*TASK INSTRUCTIONS*: Copy word for word the lines of the records below, beginning at the one with "En Hendaia se" and finishing at the one with "Aged Stone Bowl", ends included, but none of the pictures.

== RECORDS SHOWN ==

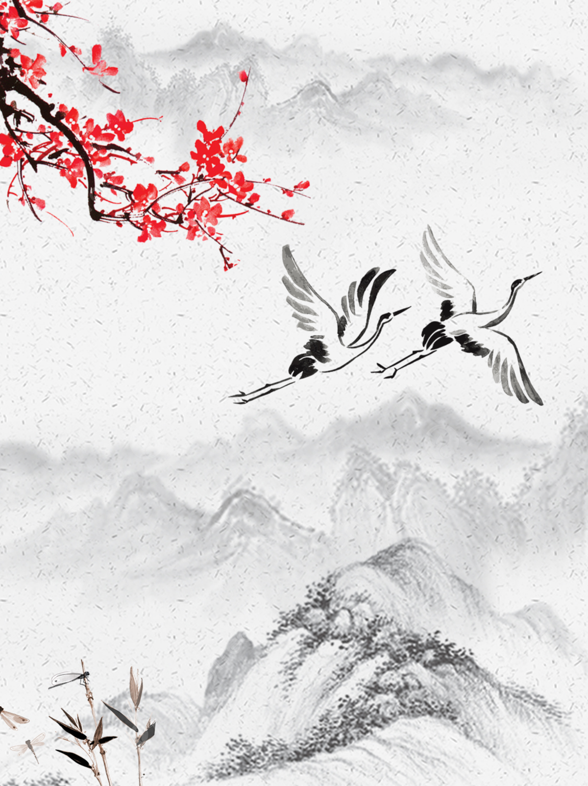 Китайская живопись слива и Журавли
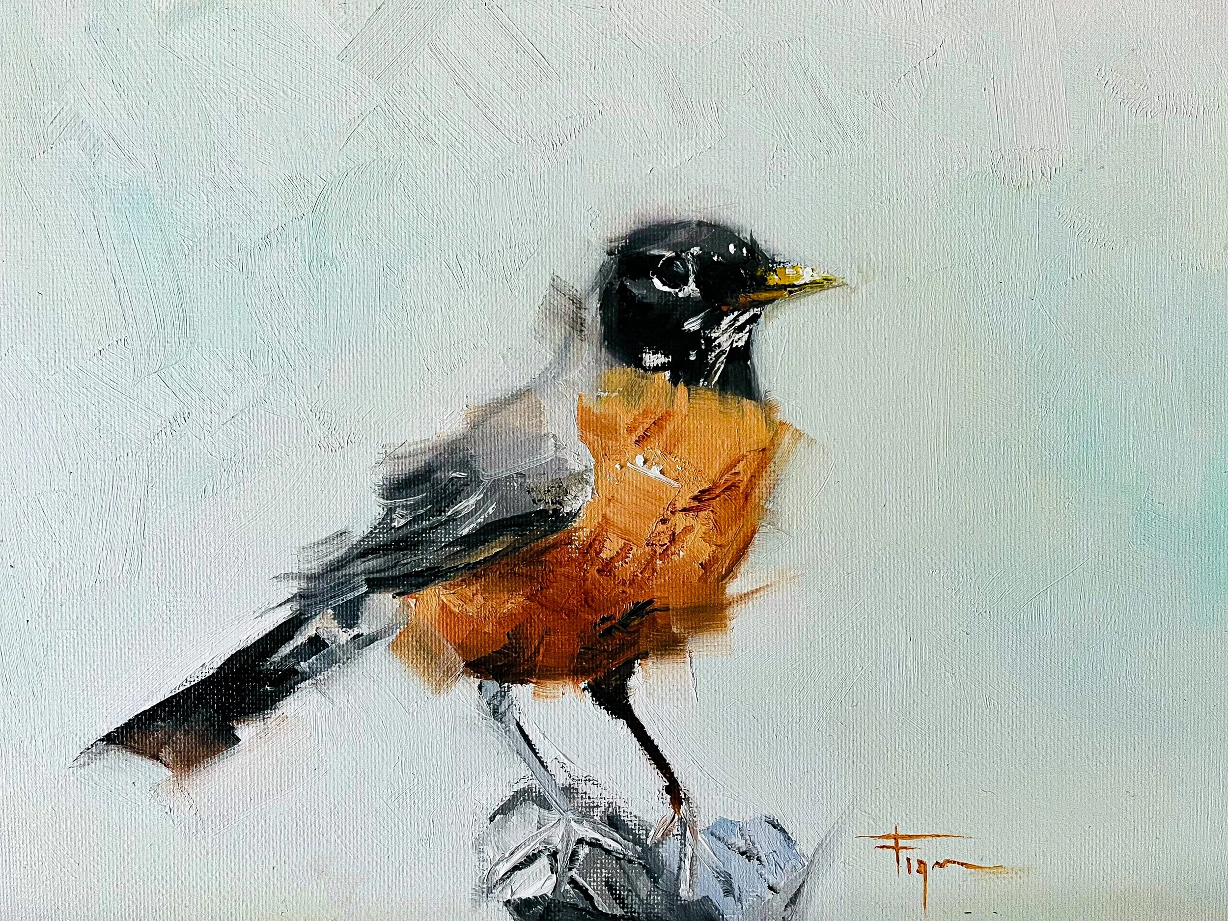 "The Forager" by Victor Figueroa is a captivating oil painting that celebrates the beauty of nature. The focal point of the piece is a robin, its body rendered in stunning shades of golden, copper, and orange, standing gracefully on a rock. The bird's pose suggests a moment of contemplation or perhaps the anticipation of a meal, embodying the spirit of foraging. Against a bright white background, the robin's colors are brought to life, creating a striking contrast that draws the viewer's eye. Figueroa's meticulous attention to detail and skillful use of color and light make "The Forager" a standout piece that captures the essence of the natural world.
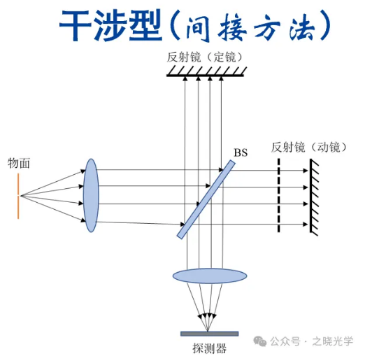 利用干涉图和频率之间的对应关系,还有干涉型成像光谱仪。通过控制光程差使其发生干涉,在探测器像面处得到干涉图样,并通过傅里叶逆变换反演得到目标的空间和光谱信息 。
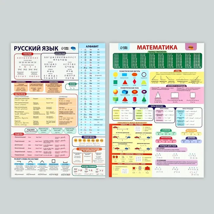 Набор обучающих плакатов «Русский язык и математика 1-4 класс» 2 в 1, А3 — Характеристики
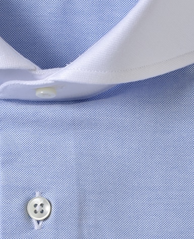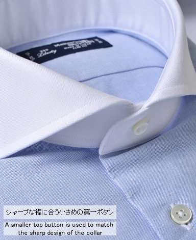 ■襟の表裏のパターンに差をつけ、コンパクトかつ構築的な襟を実現。品の良いドレスシャツの証である、首に巻きつくような内巻きフォルムは、匠によるいせ込み技術の成果です。
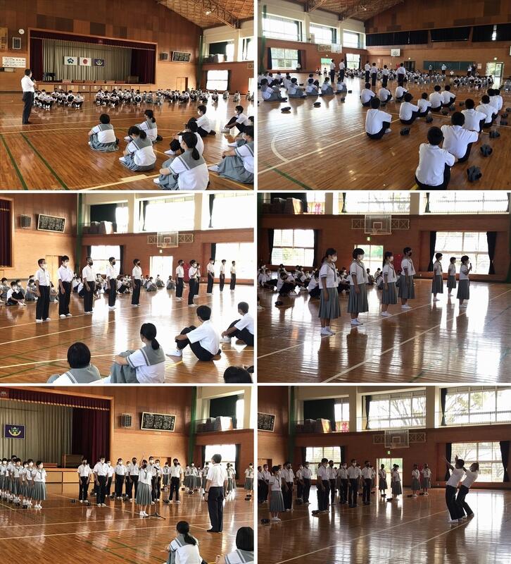 2日目は羽城中での交流を行いました。写真は宮崎・都城・山田中等の紹介をしている様子です。あちらの生徒たちも先生方も大変喜んでくれました。授業に参加させていただき、秋田県の優れた授業を肌で感じることができたのではないでしょうか。さらに、給食では、秋田県名物のきりたんぽをいただき、食文化も感じることができました。約半日と短い時間でしたが、すっかり仲良くなっているようでした。
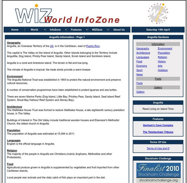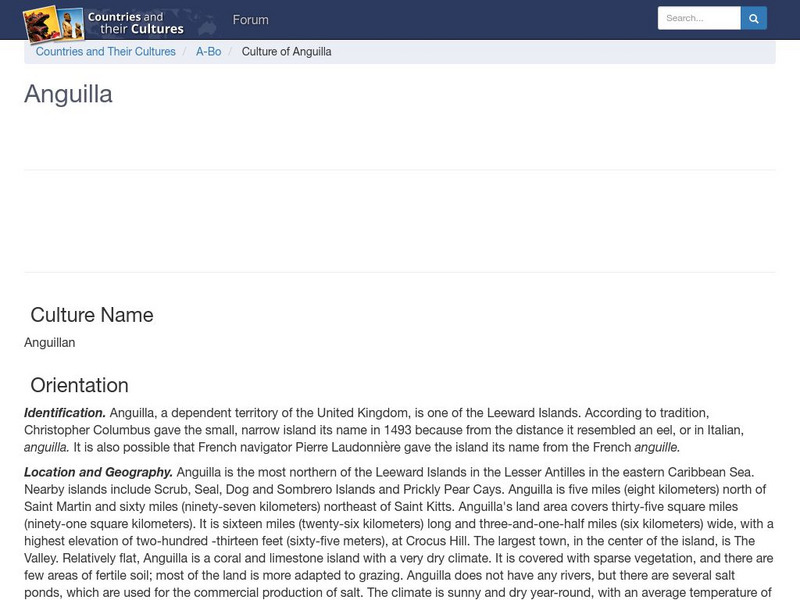 Great resource that is full of useful information about the Territory of Anguilla in the Caribbean. Content includes geography, environment, architecture, religion, food, history, economy, arts, sports, and news. Be sure to look at the...
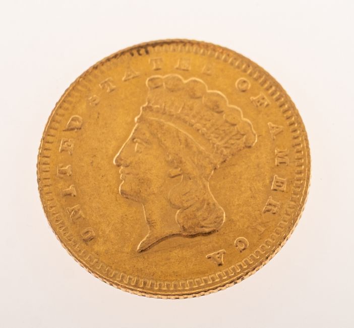 A one dollar coin, 1868, marked United States of America to verso, 1.6grams.
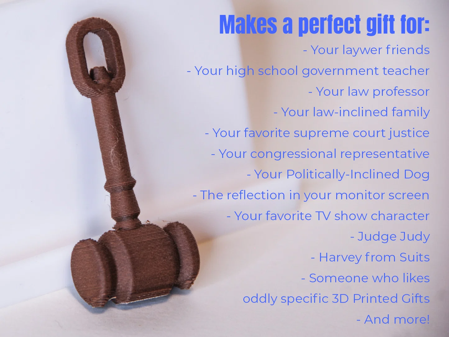 Mình đã thiết kế chiếc móc khóa hình cái búa công lý với kích thước vừa phải này để tặng cho một người bạn luật sư! Khi in bằng nhựa wood PLA, nhìn nó chẳng khác gì một chiếc búa thật phiên bản mini luôn!
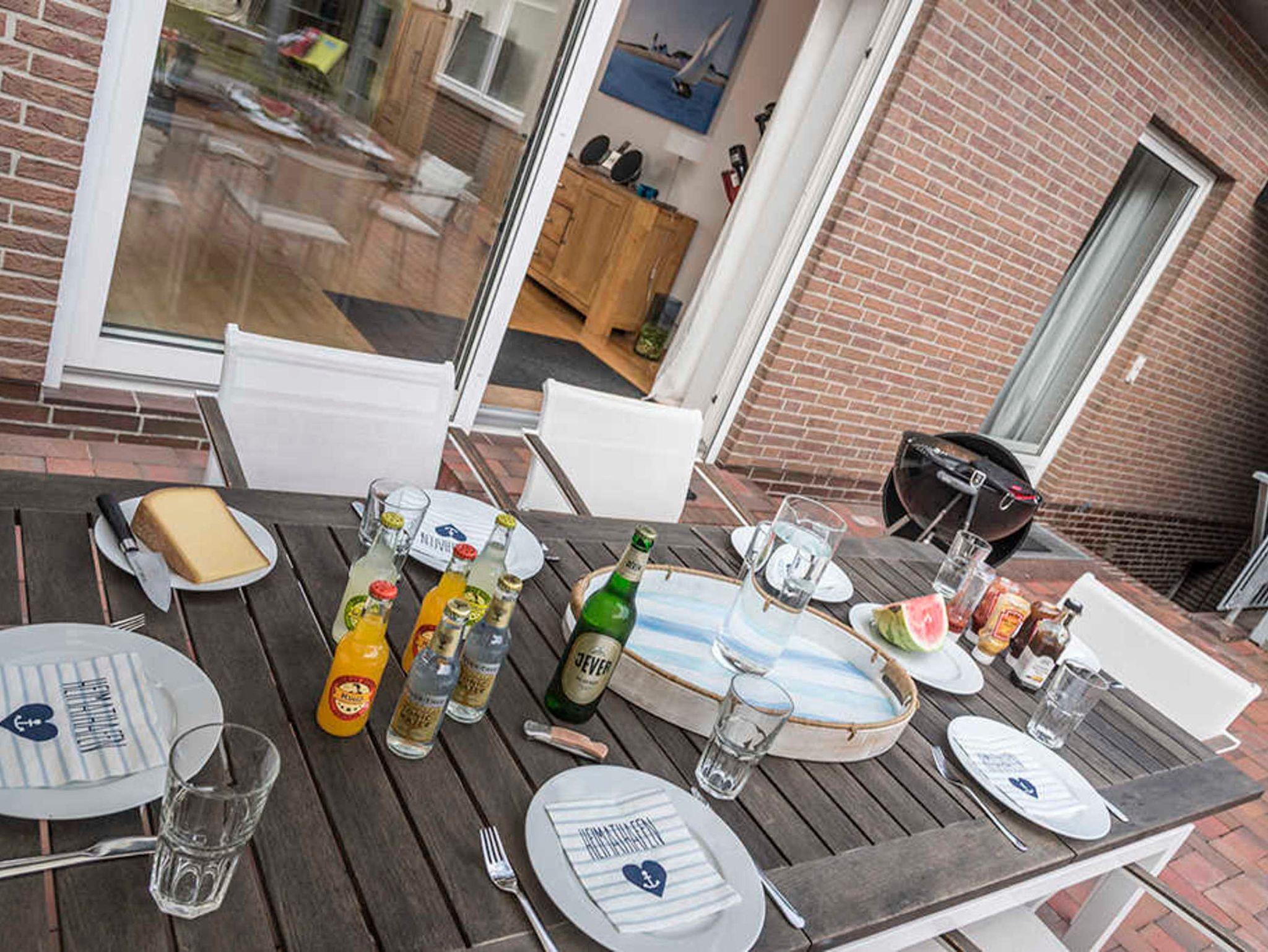Im großzügigen Wohnzimmer mit Kamin kann man sich treffen, Tee trinken oder zusammen essen am großen Tisch für 12 Personen. In der geräumigen Küche mit Stehtisch lässt sich hervorragend zusammen kochen oder einfach schnacken. Auf der Terrasse, im Garten oder in der sog. „Lounge“ geht am gemeinsamen Grillen fast kein Weg vorbei. Die Kinder können jederzeit raus in den großen, eingewachsenen Garten.
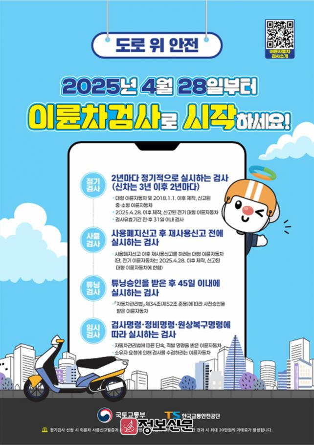 정기검사의 대상은 ▲대형 이륜자동차, ▲‘18년 이후에 제작된 중·소형 이륜자동차, ▲‘25년 4월 28일 이후에 최초로 사용신고를 한 대형 전기이륜자동차 3만 3,339대다.
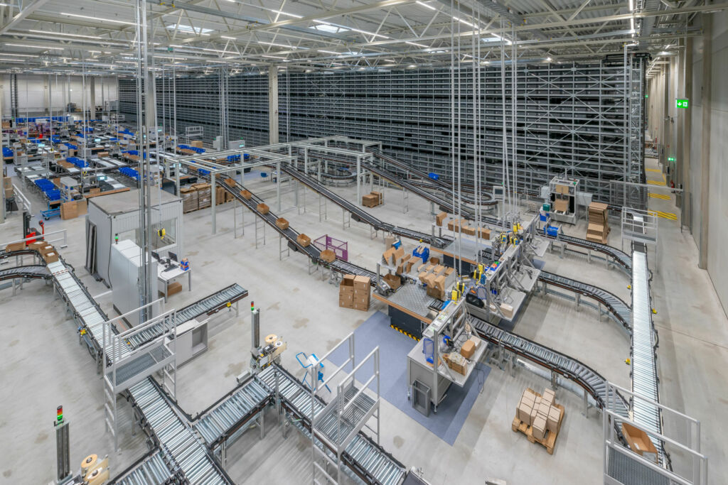 Entsprechend ist die Fördertechnik auf den Transport beider Ladungsträger ausgelegt. Nach Abschluss der Kommissionierung führt die Fördertechnik die Anbruchbehälter zurück zu den Übergabeplätzen im AKL. Zielbehälter und -kartons gelangen über die Förderstrecke an die vier Packplätze. Die versandfertigen Ladungsträger werden von der Fördertechnik in den Versandbereich geführt. Über automatisierte Gewichtkontrollen in der Förderstrecke wird per Abgleich mit Auftrags- und Stammdaten die korrekte Kommissionierung überprüft. Fehlerhafte Kartons werden an einen NiO-Loop ausgesteuert. Anschließend durchlaufen die Kartons einen Kartonverschließautomaten, Behälter werden gedeckelt bevor abschließend auf der Förderstrecke eine automatische Etikettierung erfolgt. „Die gesamte Fördertechnik ist nach einem Bypass-Konzept erstellt worden“, sagt Weisshap. „Dadurch können sich AKL und alle Stationen bei Bedarf wechselseitig untereinander bedienen, um etwa Rücklagerungen schneller durchzuführen, Staus oder kurzfristige Komponentenstörungen auf der Anlage zu vermeiden beziehungsweise zu umgehen.“
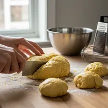 Powoli wlej mieszankę mokrych składników do wgłębienia zrobionego w mące. Używając widelca lub łyżki, zacznij delikatnie mieszać, stopniowo zagarniając mąkę z brzegów do środka, aż do połączenia wszystkich składników w jedną, zbitą, lekko lepiącą się kulę ciasta. Nie przejmuj się, jeśli na tym etapie ciasto wygląda na twarde i niejednolite.
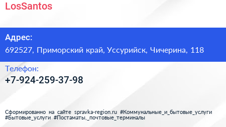 LosSantos по адресу 692527, Приморский край, Уссурийск, Чичерина, 118 в дальнейшем Организация, размещена в следующих категориях:
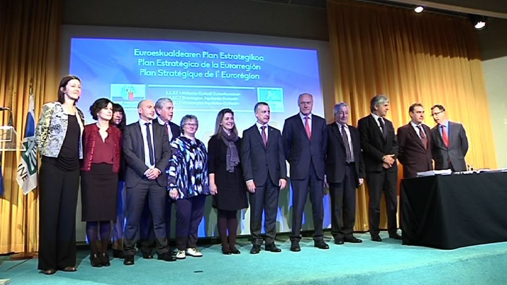 En Hendaia se ha presentado esta mañana el plan estratégico de la eurorregión Euskadi-Aquitania. Un plan en el que ambos gobiernos apuestan por fomentar el crecimiento económico inteligente.
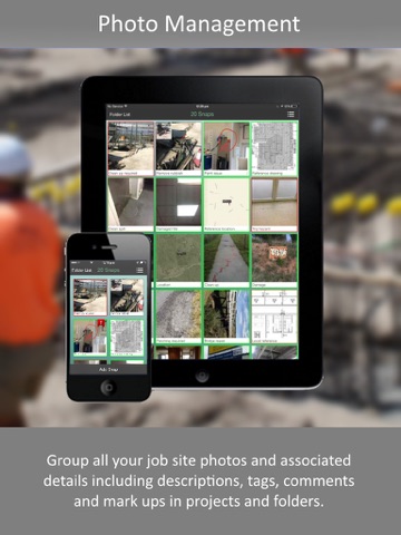 JobSnaps provides a simple, flexible and efficient tool to take, date time stamp, organize, annotate and markup project site photos and then create PDF photo reports that can be easily and quickly distributed to the project team.
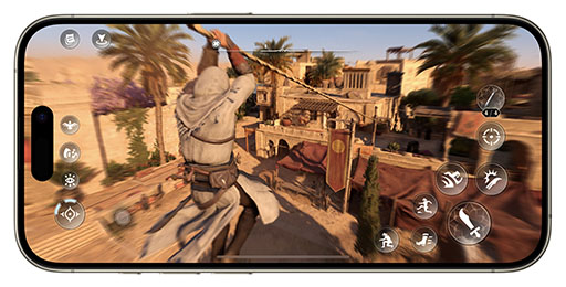アサシン クリード ミラージュは,若き泥棒のバシムが謎の組織「隠れし者」に加入し,マスターアサシンへ成長していく様が描かれるタイトルだ。今回リリースされたiOS版は,iPhone 15 Pro/Pro MaxやiPad Air,M1チップ以降のiPad Proがサポートされており,タッチはもちろん,ゲームパッドでのプレイが可能とのこと。
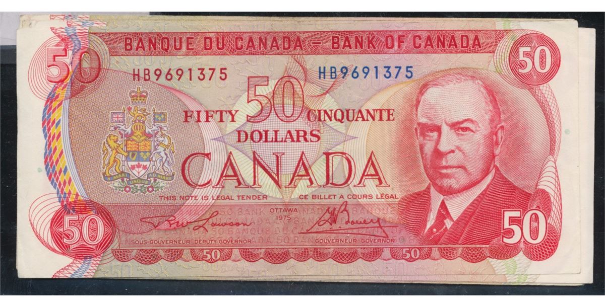 1975 $50 BC-51 Lot; includes 7 pcs VF to EF.
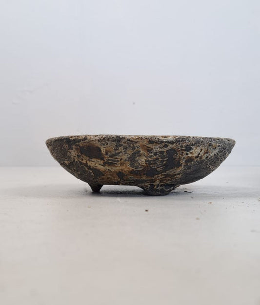 Aged Stone Bowl with 3 Feet - Rough Surface, 17cm Diameter, 5cm High - Rustic Decorative Catch-All, Vintage Home Decor. Unique stone bowl
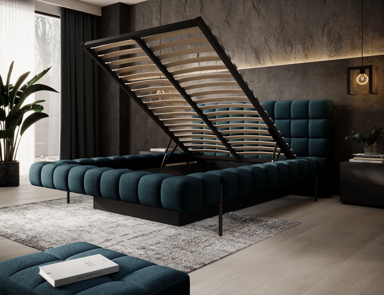 Patul Magentta reprezintă o combinație de design modern, funcționalitate și confort deosebit. Datorită spatelui tapițat, patul are un aspect extrem de elegant și adaugă o notă de căldură oricărui dormitor. Structura solidă și spătarul umplut cu spumă T2130 oferă un suport excelent și confort atât pentru somn, cât și pentru relaxare. Modelul este disponibil în trei dimensiuni: 140 cm, 160 cm și 180 cm, permițând adaptarea acestuia la dimensiunea camerei și la preferințele individuale. Cadru metalic include 36 de lamele care susțin uniform salteaua (se achiziționează separat), sporind durabilitatea construcției și confortul utilizării. Piciorul negru din metal oferă o bază solidă și accentuează caracterul minimalist și modern al patului. Un avantaj suplimentar este lada de depozitare pentru lenjerie, care permite stocarea practică a plapumilor, pernelor sau altor textile, economisind spațiu în cameră. Patul Magentta este alegerea ideală pentru cei care apreciază stilul modern, confortul și soluțiile funcționale. Dimensiuni: Lățimea: 204 Lungimea: 244 cm Înălțimea: 106 Înălțimea șezutului: 44 cm Suprafață de dormit: 160x200 cm Înălțimea picioarelor: 21 cm Recipient pentru depozitarea așternuturilor: 177x120x29cm Salteaua NU este inclusă! Produsul nu este montat, montarea este rapidă și ușoară. Produsul este personalizabil, culoarea și materialul se aleg pe baza paletarelor la cererea clientului. Prețul poate suferi modificări în funcție de grupa de material aleasă.

===

*EXPECTED OUTPUT*:
 En Hendaia se ha presentado esta mañana el plan estratégico de la eurorregión Euskadi-Aquitania. Un plan en el que ambos gobiernos apuestan por fomentar el crecimiento económico inteligente.
 JobSnaps provides a simple, flexible and efficient tool to take, date time stamp, organize, annotate and markup project site photos and then create PDF photo reports that can be easily and quickly distributed to the project team.
アサシン クリード ミラージュは,若き泥棒のバシムが謎の組織「隠れし者」に加入し,マスターアサシンへ成長していく様が描かれるタイトルだ。今回リリースされたiOS版は,iPhone 15 Pro/Pro MaxやiPad Air,M1チップ以降のiPad Proがサポートされており,タッチはもちろん,ゲームパッドでのプレイが可能とのこと。
 1975 $50 BC-51 Lot; includes 7 pcs VF to EF.
 Aged Stone Bowl with 3 Feet - Rough Surface, 17cm Diameter, 5cm High - Rustic Decorative Catch-All, Vintage Home Decor. Unique stone bowl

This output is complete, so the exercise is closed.